Prove that
one over one squared plus one over two squared plus one over three squared....... plus one over 1000 squared is smaller than two. Details please.
1 * 1 = 1
1/3 * 1/3 = 1/9
1/1000 * 1/1000 = 1/1,000,000
Here are three proofs, take your pick.
http://en.wikipedia.org/wiki/Basel_problem
1/2^2<1/(1*2)=1-1/2
1/3^2<1/(2*3)=1/2-1/3
1/4^2<1/(3*4)=1/3-1/4
......................
1/999^2<1/(998*999)=1/998-1/999
1/1000^2<1/(999*1000)=1/999-1/1000
Now add all inequalities
http://www.southernct.edu/~sandifer/Ed/History/Preprints/Talks/NYU%20Basel%20Problem%20Paper.PDF
Could you expand more on the answer anoymomous?
To prove that the expression "1/1^2 + 1/2^2 + 1/3^2 + ... + 1/1000^2" is less than 2, we can use an approach called the comparison test.
Let's consider the harmonic series, which is the sum of the reciprocal of the positive integers: 1 + 1/2 + 1/3 + 1/4 + ...

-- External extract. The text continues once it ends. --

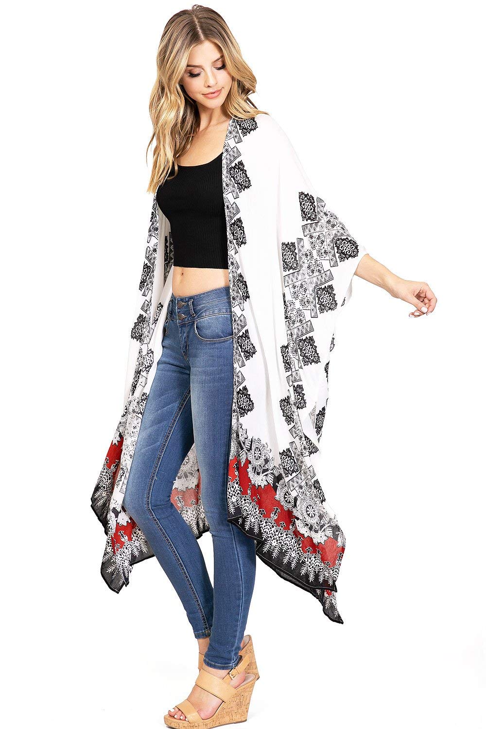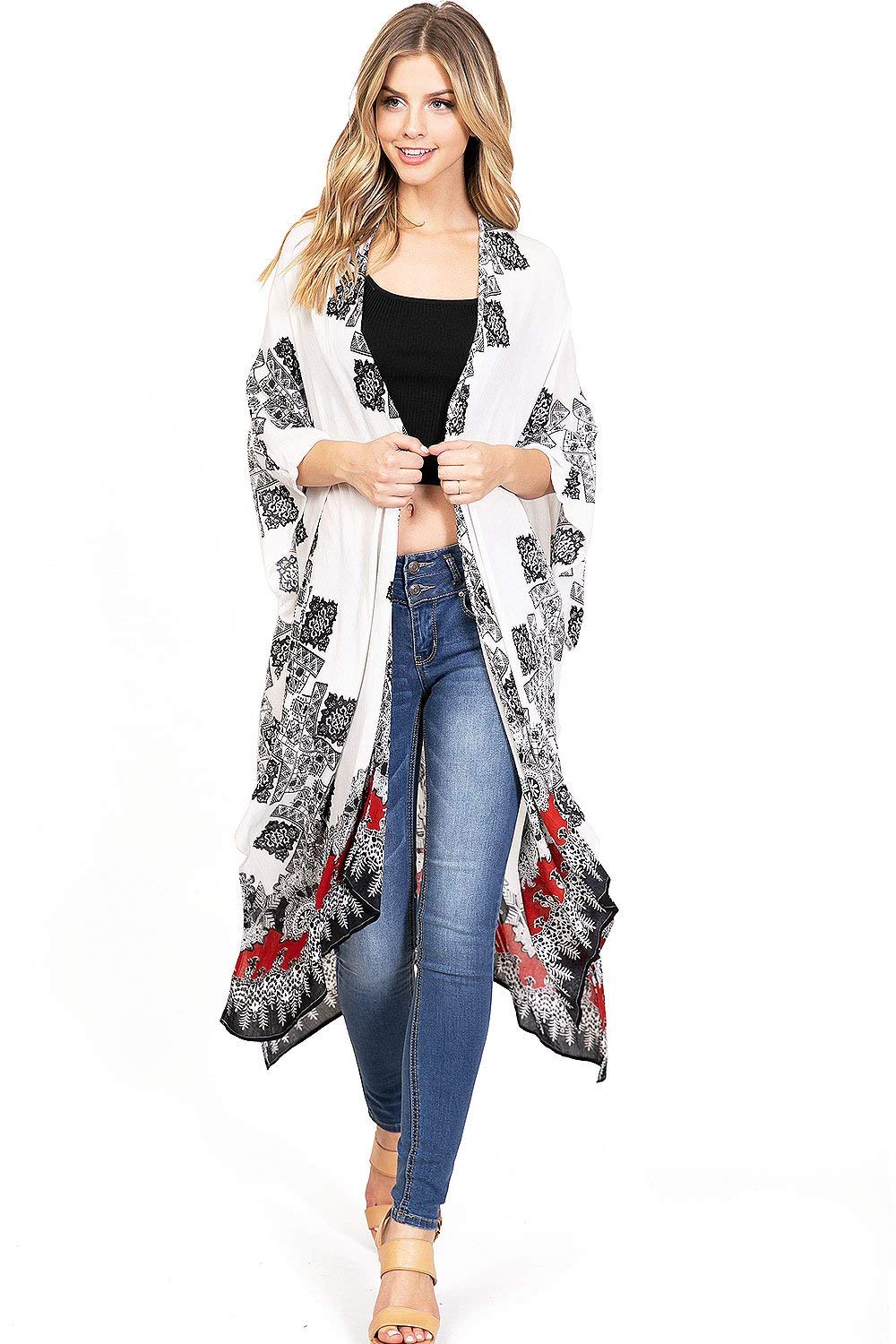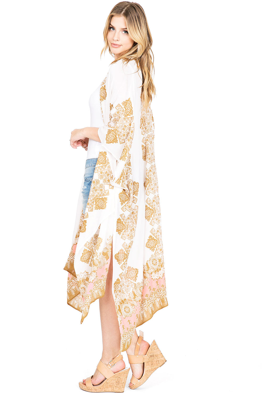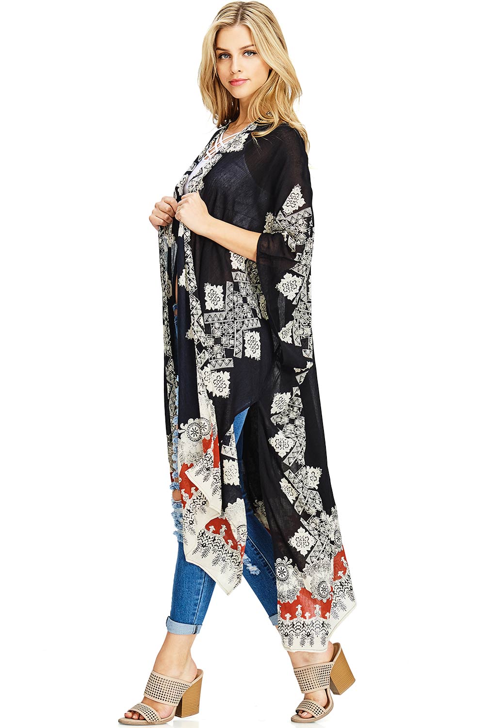 Long bohemian printed caftan cardigan with an open-front and draping sleeves. Light thin fabric is great for festivals!

The comparison test states that if a series is term-wise less than another series which is known to diverge, then the original series also diverges. In this case, since the harmonic series diverges, we can prove that the given series also diverges.

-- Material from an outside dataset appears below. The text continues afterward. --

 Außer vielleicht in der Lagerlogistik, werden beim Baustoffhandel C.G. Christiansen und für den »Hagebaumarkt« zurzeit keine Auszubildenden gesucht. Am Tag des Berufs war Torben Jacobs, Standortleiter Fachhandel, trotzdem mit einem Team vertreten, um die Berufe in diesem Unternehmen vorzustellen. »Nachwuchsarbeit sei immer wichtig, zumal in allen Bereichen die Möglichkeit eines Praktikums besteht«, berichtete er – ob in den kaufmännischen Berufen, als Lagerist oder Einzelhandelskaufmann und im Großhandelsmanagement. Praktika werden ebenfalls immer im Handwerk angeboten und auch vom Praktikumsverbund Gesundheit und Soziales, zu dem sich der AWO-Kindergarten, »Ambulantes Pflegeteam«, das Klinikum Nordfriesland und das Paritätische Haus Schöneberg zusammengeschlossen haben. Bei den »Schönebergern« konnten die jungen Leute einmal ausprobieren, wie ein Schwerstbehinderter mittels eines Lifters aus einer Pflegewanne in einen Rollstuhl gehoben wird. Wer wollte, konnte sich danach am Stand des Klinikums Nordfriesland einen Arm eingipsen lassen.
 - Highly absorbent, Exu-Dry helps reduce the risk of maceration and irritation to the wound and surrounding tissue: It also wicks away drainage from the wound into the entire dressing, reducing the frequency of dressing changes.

First, let's rewrite the given series as "1/1^2 + 1/2^2 + 1/3^2 + ... + 1/n^2 + ...". Note that "n" can be any positive integer.
Now, let's consider the sum of the reciprocal of squares starting from 1/4 instead of 1/1: 1/4 + 1/5 + 1/6 + ... + 1/n^2 + ...
We can see that this series is term-wise less than the harmonic series because each term is a reciprocal of a larger number. In other words, each term in the new series is less than or equal to the corresponding term in the harmonic series.
Since the harmonic series diverges, this new series also diverges. Therefore, the original series "1/1^2 + 1/2^2 + 1/3^2 + ... + 1/1000^2" must also diverge.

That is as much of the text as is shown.